I’m mid thirties, single, wishing I wasn’t and living in a place I’ve wanted to move from for the last year. I own the place and have done for five years, the house is nice but on the edge of a not so nice location outside birmgham...bought so I could hop on the train to work. The last few months I’ve really noticed how shit the area is (it’s not terrible but it’s not a place you want to stroll out of your house and go for a walk..it’s busy) and I have no ties to the area itself...just a tie to Birmingham centre for work where I go in when I please really. My work is computer based so I can do it anywhere.
I took the plunge and put my house on the market last week and now I’m panicking thinking what I am doing, I don’t even know where to go!! I feel like I’m unhappy here but have no real reason to go somewhere else which is quite depressing!
Options are:
- Keep the house, rent it out and move to London and kick the career life even harder, get a better paid job (I’m on good pay already so not desperate for that). The London life seems exciting in some ways but I’m 36 next year and more than fancy restaurants and career opportunities, I much more want to settle down.

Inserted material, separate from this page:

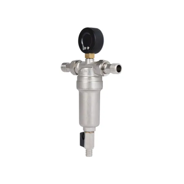 Самопромивний фільтр Thermo Alliance Standart 1/2" для води виготовлений із латуні з нікельованим покриттям, у комплекті є манометр.
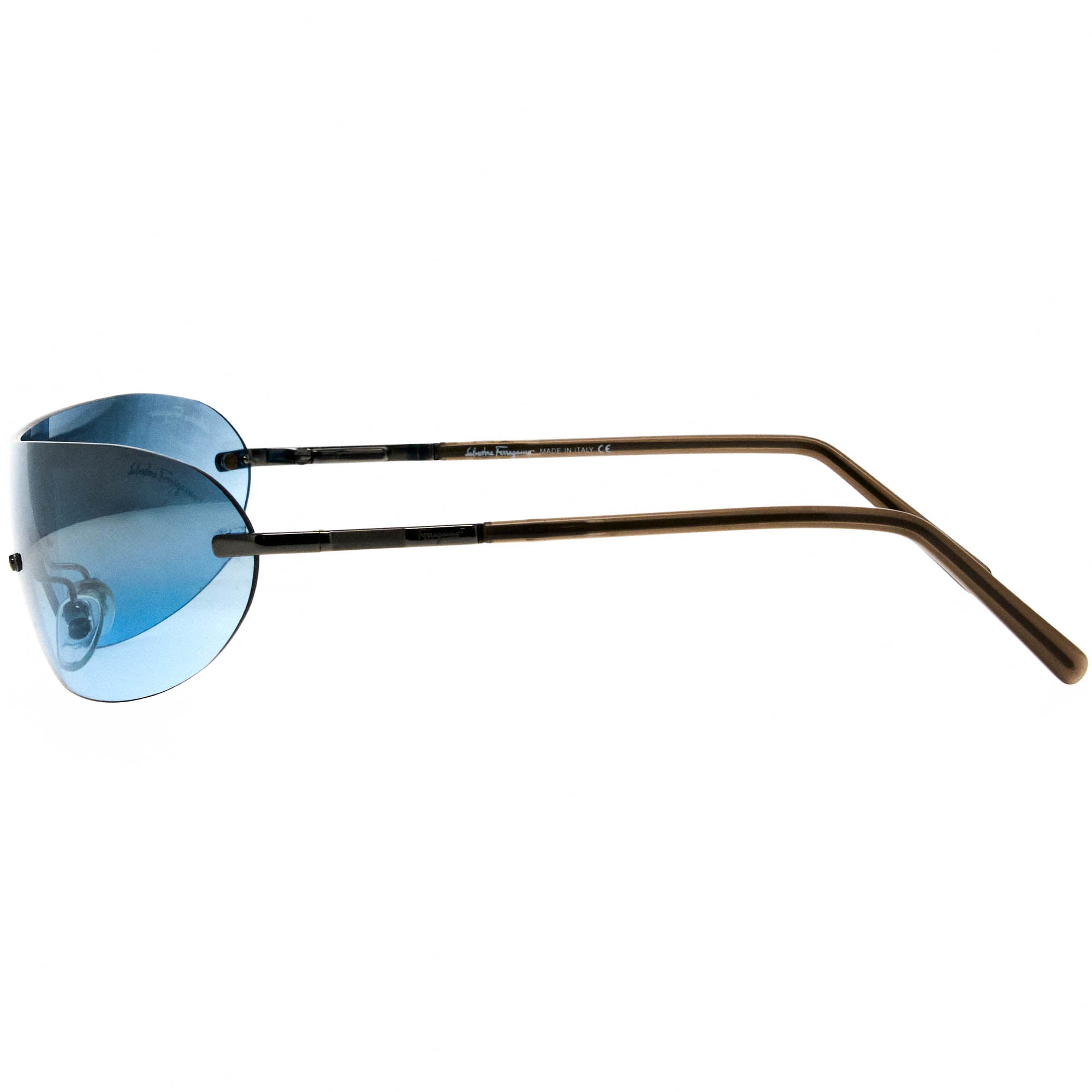 The Ferragamo 1073 502 7C 120 vintage sunglasses, with its black frame and iconic shield silhouette, is a rare vintage sunglasses find for collectors.

I don’t fancy city life as I used to live in centre of Birmingham so have sort of done that, but London is an exception as it would be something different I guess.
- Move to another outskirts of a city, but I would literally be upping sticks to Leeds, Manchester, Nottingham, places I don’t actually know anyone and starting from scratch.
- Move further north to the midlands but in a town or village rather than a city. I have a few distant friends in Derbyshire as I grew up there, but again no firm ties except my small family who are elderly. I’d be within distance of a few cities so wouldn’t be out on a limb like in Liverpool and would have more areas to choose to work.
- Disappear to the south to some remote area by the sea.
- Stay where I am and don’t rock the boat just because I’m bored and being a bit bratty. I know a few people in Birmingham but they’re al through work and not firm friends. My friends are scattered all over the country.
Abroad does not appeal.
What would you do? I wish I was with a partner and there was a reason to be somewhere in particular!